> _Task instructions_: Could you write out, exactly as they stand, only the lines in the listing below from the line with "Nebel im Taunus, Wilhelm" to the line with "Pinzas para pestañas", both ends included, without the pictures?

> _Excerpted data_:
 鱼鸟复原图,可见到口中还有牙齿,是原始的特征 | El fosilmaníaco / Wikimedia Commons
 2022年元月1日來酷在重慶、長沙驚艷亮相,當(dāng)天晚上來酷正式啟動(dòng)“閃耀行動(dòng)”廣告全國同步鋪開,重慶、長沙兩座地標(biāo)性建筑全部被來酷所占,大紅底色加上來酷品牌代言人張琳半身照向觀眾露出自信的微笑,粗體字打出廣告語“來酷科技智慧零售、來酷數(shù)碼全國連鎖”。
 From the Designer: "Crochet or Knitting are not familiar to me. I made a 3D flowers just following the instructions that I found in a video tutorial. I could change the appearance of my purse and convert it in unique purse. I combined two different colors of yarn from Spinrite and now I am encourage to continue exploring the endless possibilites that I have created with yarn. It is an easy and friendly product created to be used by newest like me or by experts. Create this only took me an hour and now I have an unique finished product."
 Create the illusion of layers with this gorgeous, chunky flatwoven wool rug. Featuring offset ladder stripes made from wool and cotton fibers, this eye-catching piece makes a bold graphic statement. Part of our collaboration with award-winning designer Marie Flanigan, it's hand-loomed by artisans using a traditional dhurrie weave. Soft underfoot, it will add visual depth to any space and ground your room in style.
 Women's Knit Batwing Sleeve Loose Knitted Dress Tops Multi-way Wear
* * *
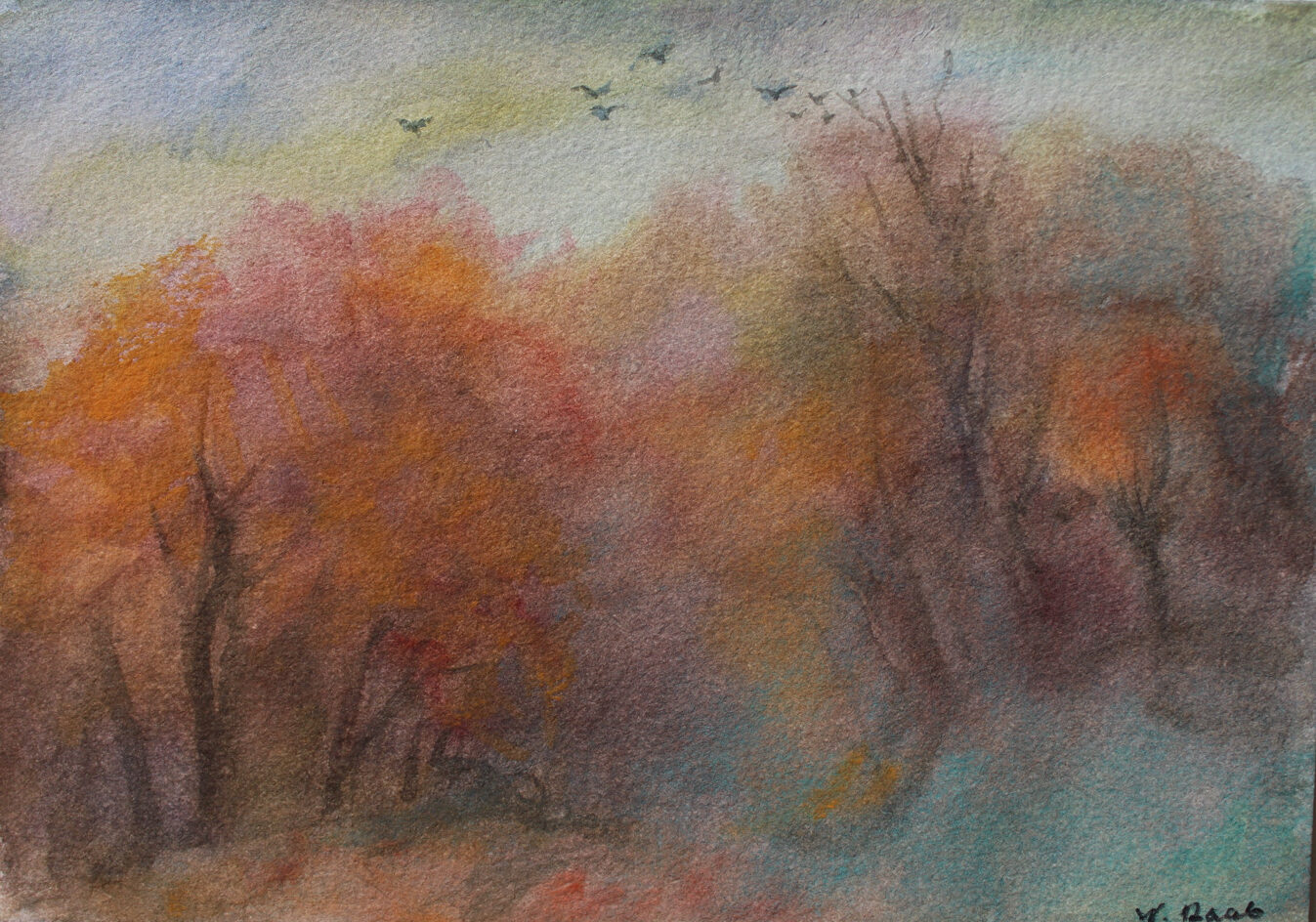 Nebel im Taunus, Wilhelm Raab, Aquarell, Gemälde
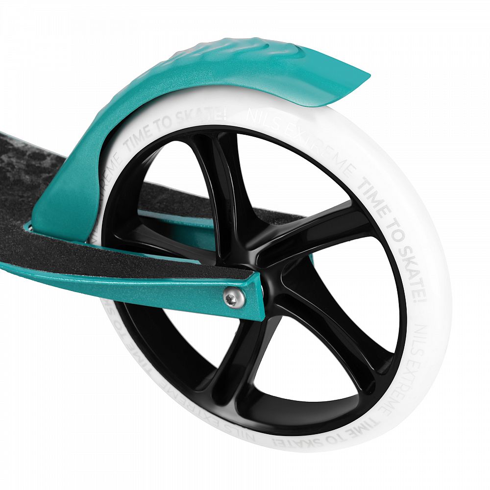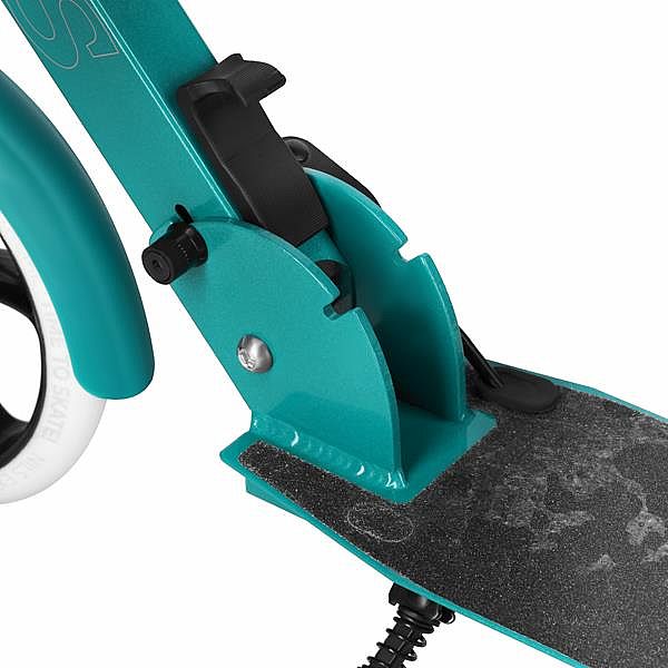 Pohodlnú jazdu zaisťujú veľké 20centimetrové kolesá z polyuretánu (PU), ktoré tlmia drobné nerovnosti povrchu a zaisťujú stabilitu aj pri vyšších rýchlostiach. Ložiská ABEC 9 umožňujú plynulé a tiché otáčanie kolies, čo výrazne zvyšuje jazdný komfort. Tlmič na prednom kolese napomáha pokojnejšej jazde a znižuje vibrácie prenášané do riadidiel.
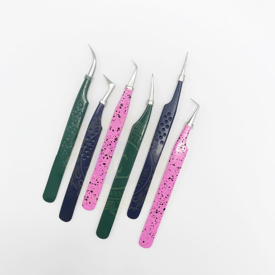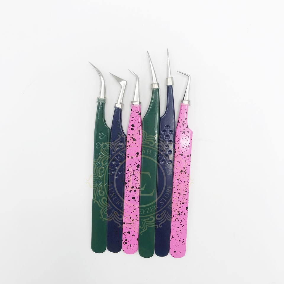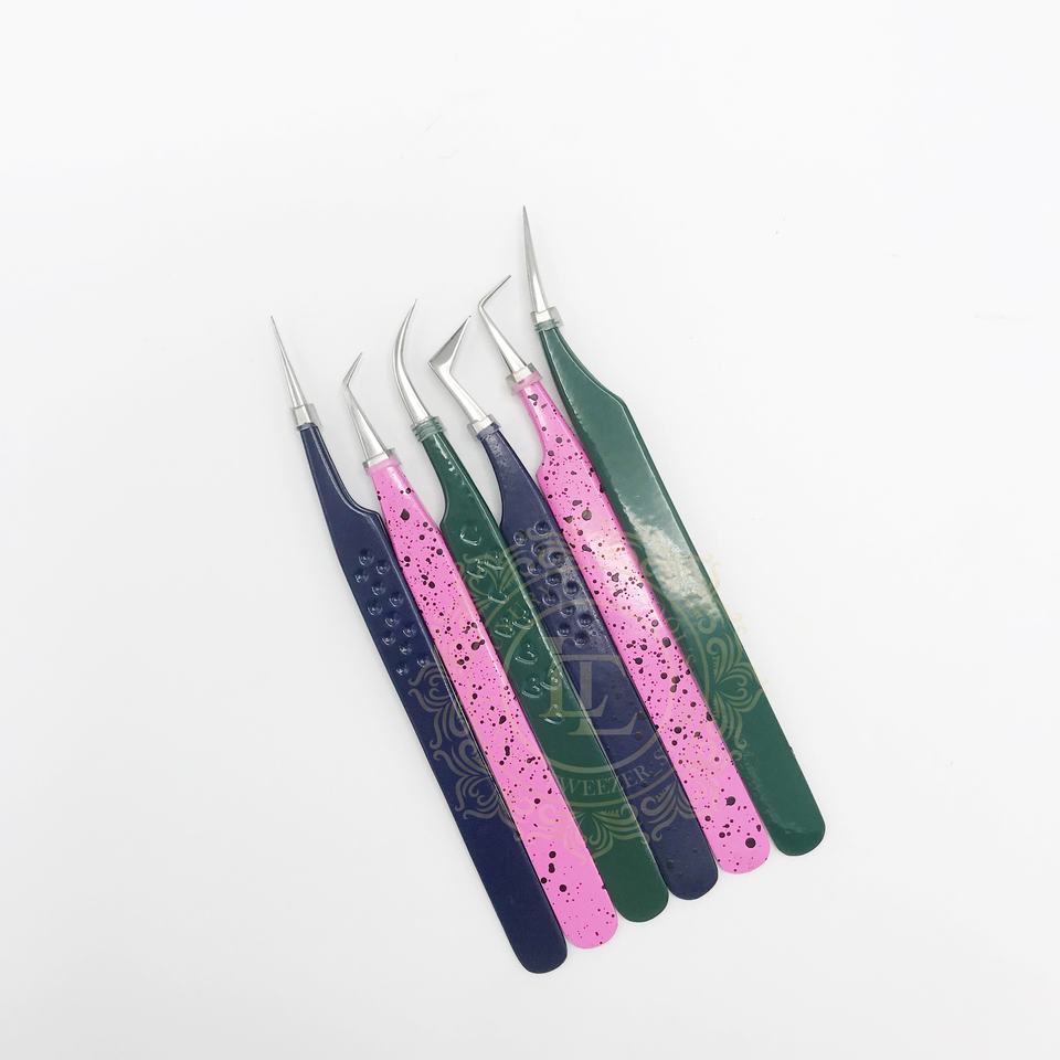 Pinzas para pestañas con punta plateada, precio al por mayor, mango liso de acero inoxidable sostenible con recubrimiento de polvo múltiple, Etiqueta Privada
==
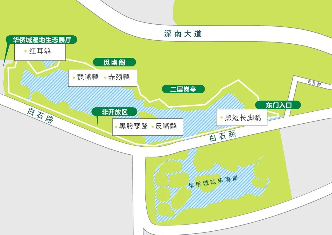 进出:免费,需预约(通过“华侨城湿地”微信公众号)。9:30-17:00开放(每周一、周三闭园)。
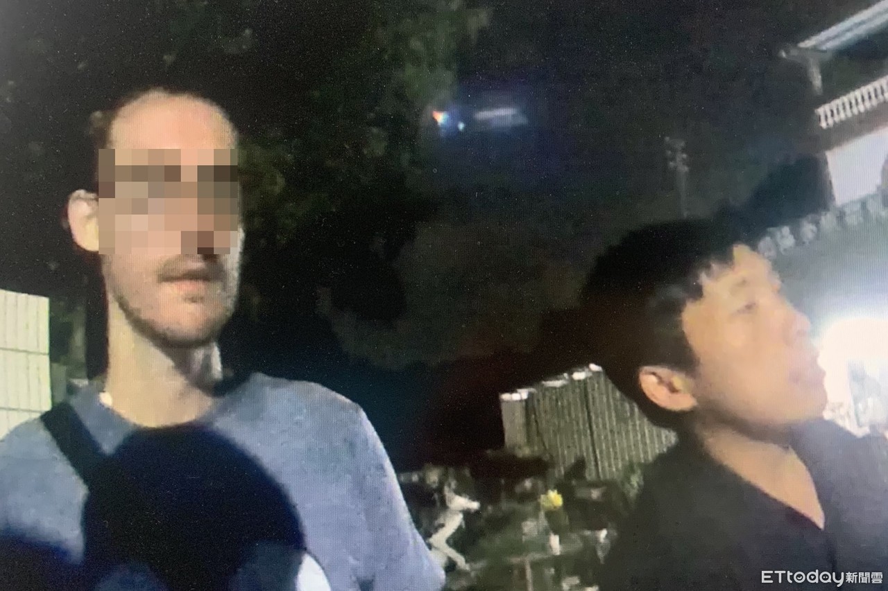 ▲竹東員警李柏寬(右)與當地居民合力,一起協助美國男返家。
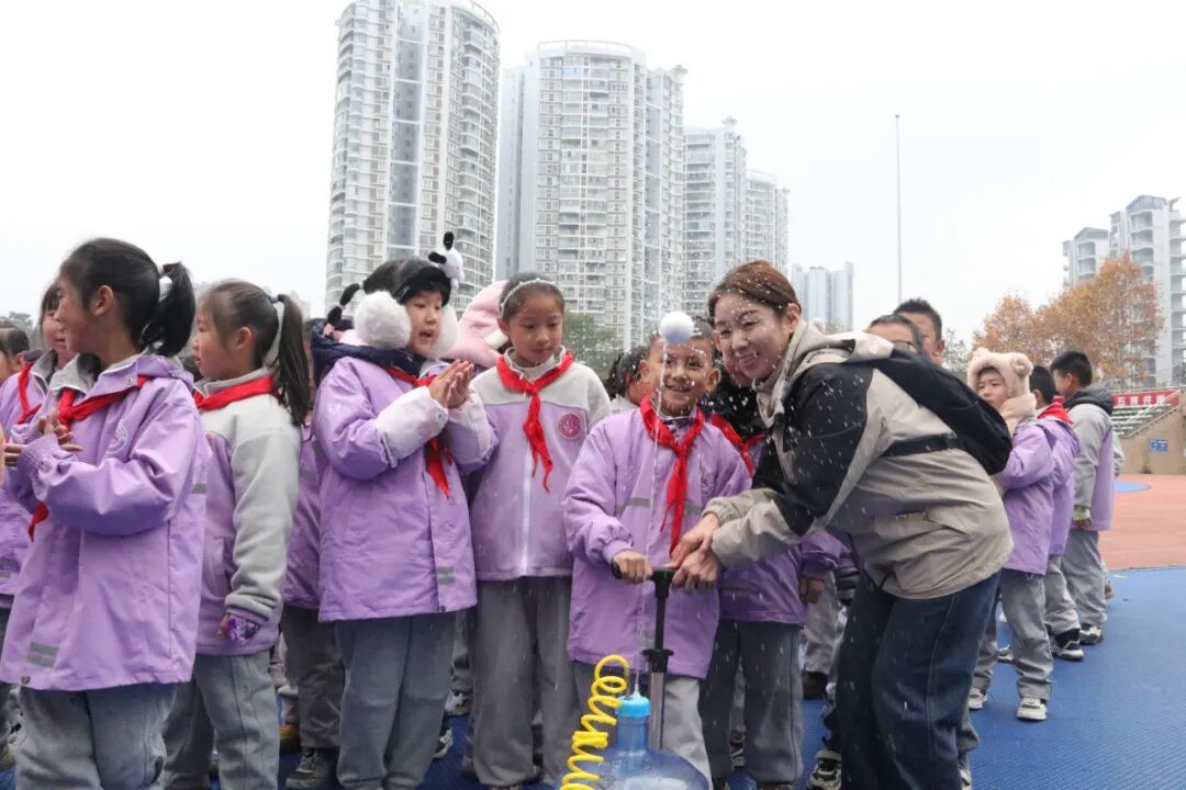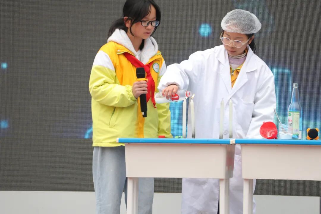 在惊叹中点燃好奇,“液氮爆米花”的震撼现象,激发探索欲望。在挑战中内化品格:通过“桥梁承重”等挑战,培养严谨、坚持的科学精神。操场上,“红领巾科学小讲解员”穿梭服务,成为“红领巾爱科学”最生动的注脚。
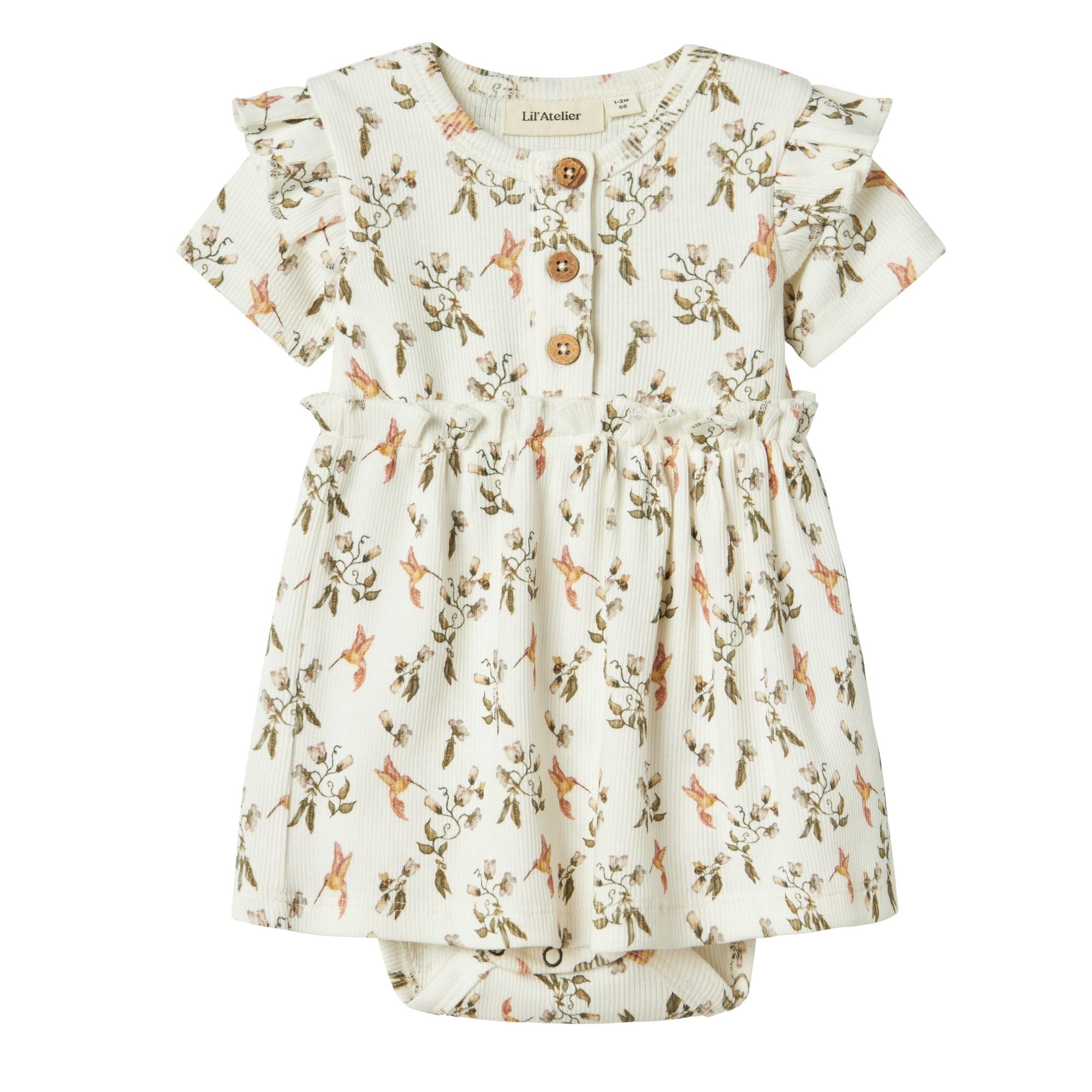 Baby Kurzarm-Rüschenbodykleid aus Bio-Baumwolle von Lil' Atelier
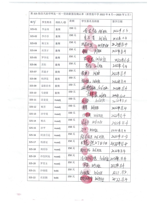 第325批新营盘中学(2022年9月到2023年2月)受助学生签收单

> _Answer space_:
 Nebel im Taunus, Wilhelm Raab, Aquarell, Gemälde
 Pohodlnú jazdu zaisťujú veľké 20centimetrové kolesá z polyuretánu (PU), ktoré tlmia drobné nerovnosti povrchu a zaisťujú stabilitu aj pri vyšších rýchlostiach. Ložiská ABEC 9 umožňujú plynulé a tiché otáčanie kolies, čo výrazne zvyšuje jazdný komfort. Tlmič na prednom kolese napomáha pokojnejšej jazde a znižuje vibrácie prenášané do riadidiel.
 Pinzas para pestañas con punta plateada, precio al por mayor, mango liso de acero inoxidable sostenible con recubrimiento de polvo múltiple, Etiqueta Privada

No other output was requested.